• [About this exercise]:
The entries below contain pictures. Write out only the lines from the line with "Ta kavnik je" up to and including the line with "Autumn Winter High-Top", exactly, without them.
- - - -
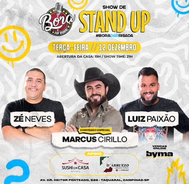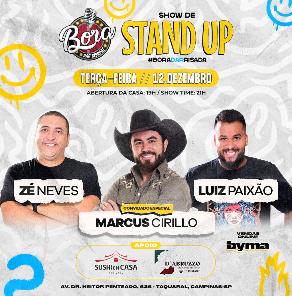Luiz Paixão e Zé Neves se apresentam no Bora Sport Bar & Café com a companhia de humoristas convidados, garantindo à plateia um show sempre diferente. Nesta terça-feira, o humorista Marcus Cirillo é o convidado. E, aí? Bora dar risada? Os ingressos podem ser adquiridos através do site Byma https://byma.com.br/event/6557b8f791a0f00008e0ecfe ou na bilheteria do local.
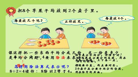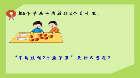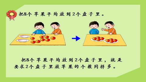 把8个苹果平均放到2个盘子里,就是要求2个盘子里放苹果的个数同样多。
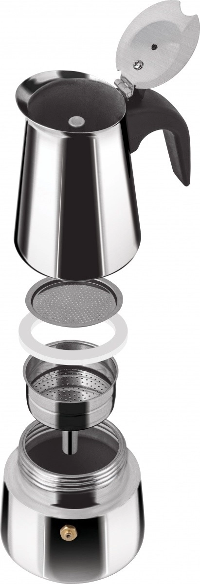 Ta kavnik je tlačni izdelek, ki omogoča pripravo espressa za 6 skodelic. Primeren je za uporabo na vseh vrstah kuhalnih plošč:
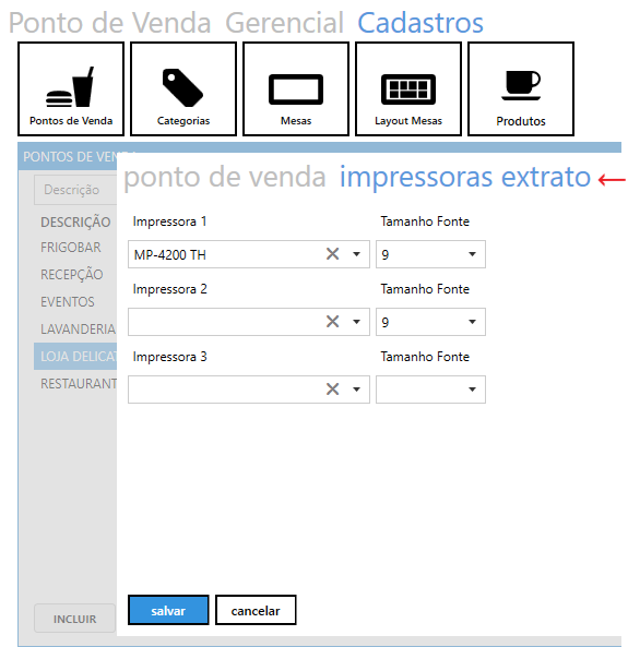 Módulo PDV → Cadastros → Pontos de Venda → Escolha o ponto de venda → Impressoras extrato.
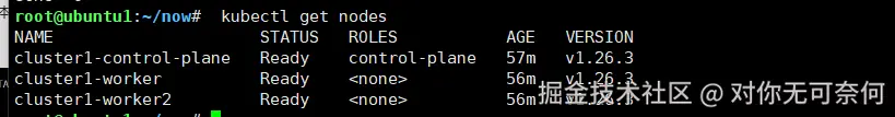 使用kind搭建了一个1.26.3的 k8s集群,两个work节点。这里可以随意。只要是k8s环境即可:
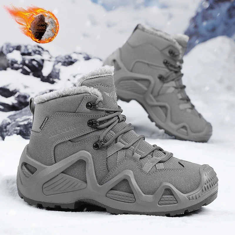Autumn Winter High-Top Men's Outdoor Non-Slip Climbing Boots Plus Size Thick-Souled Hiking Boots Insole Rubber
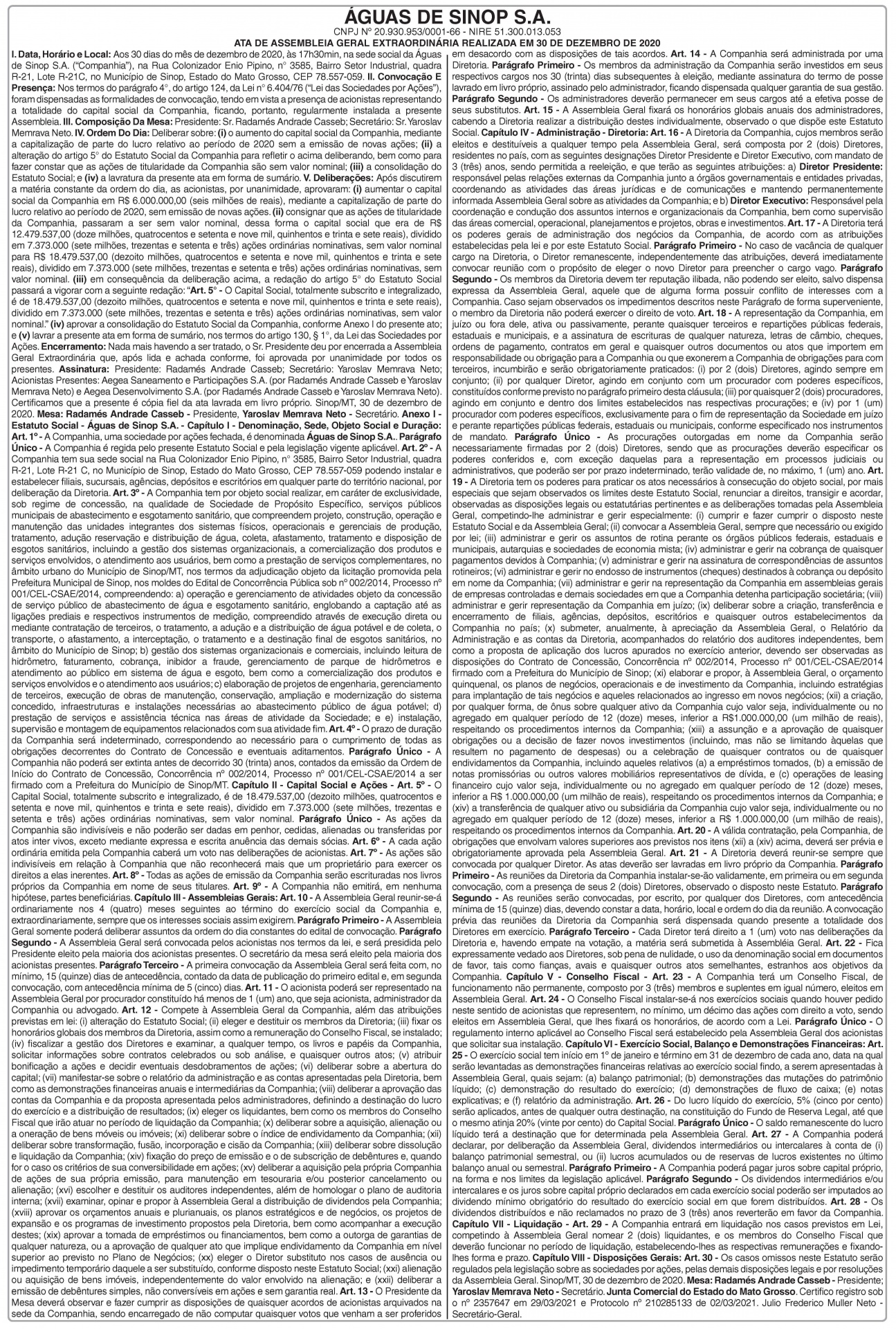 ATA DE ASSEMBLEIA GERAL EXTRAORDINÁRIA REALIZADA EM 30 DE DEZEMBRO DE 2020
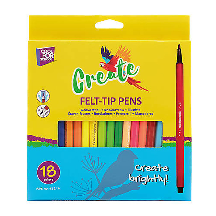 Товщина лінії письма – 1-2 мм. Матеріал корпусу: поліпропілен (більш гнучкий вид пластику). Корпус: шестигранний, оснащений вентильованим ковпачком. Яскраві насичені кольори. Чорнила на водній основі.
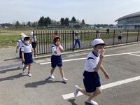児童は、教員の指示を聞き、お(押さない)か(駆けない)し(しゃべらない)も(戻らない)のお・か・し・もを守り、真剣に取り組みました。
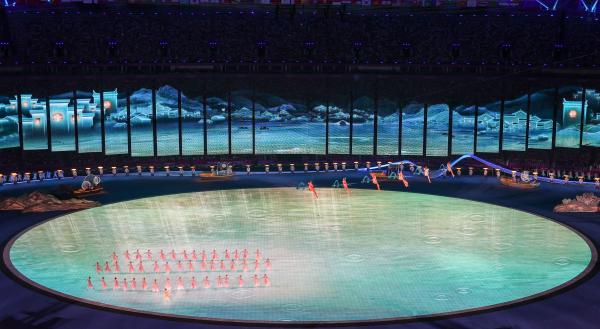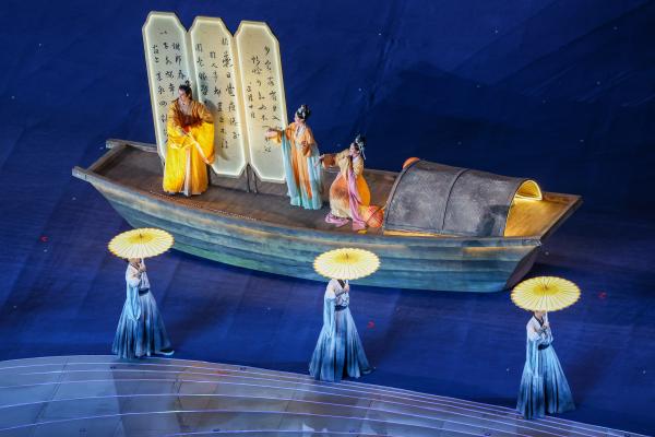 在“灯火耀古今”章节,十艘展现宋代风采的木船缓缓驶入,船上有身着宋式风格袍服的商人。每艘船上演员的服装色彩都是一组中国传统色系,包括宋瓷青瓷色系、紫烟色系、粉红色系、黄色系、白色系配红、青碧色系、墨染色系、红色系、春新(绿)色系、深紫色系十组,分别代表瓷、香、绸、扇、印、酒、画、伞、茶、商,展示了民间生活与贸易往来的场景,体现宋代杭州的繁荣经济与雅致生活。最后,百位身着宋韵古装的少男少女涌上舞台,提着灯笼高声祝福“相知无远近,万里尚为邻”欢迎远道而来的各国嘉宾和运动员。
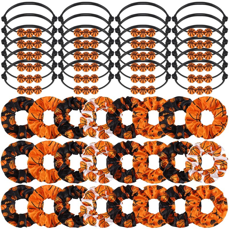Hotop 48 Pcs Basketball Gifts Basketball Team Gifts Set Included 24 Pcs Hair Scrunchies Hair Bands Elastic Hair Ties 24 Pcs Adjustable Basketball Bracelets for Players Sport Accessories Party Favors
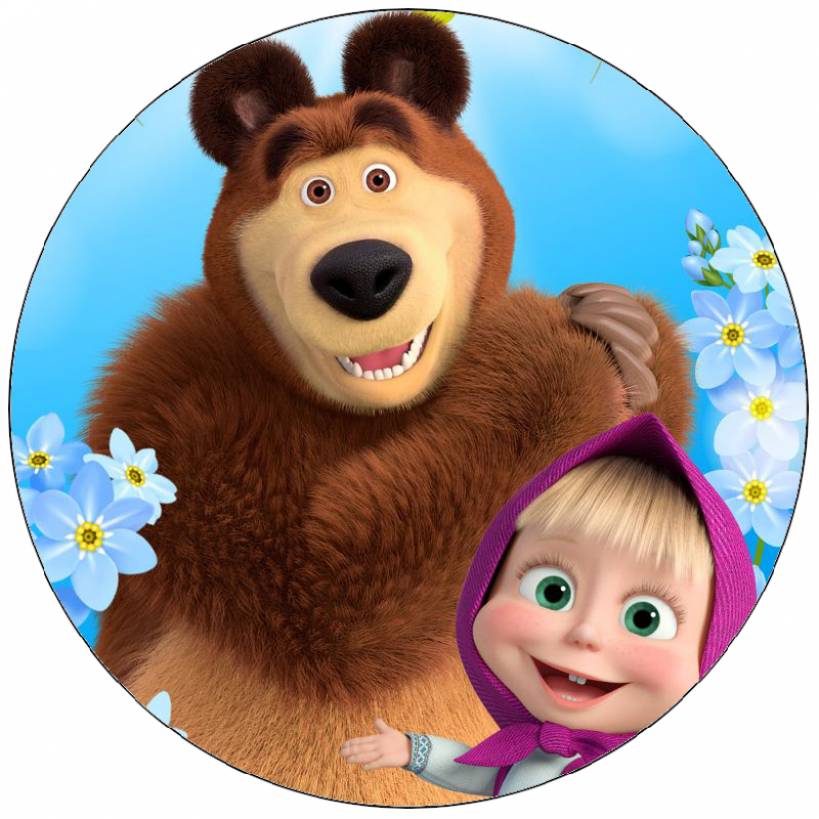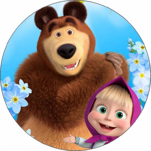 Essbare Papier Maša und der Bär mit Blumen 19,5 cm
- - - -
• [Exercise response]:
 Ta kavnik je tlačni izdelek, ki omogoča pripravo espressa za 6 skodelic. Primeren je za uporabo na vseh vrstah kuhalnih plošč:
 Módulo PDV → Cadastros → Pontos de Venda → Escolha o ponto de venda → Impressoras extrato.
 使用kind搭建了一个1.26.3的 k8s集群,两个work节点。这里可以随意。只要是k8s环境即可:
Autumn Winter High-Top Men's Outdoor Non-Slip Climbing Boots Plus Size Thick-Souled Hiking Boots Insole Rubber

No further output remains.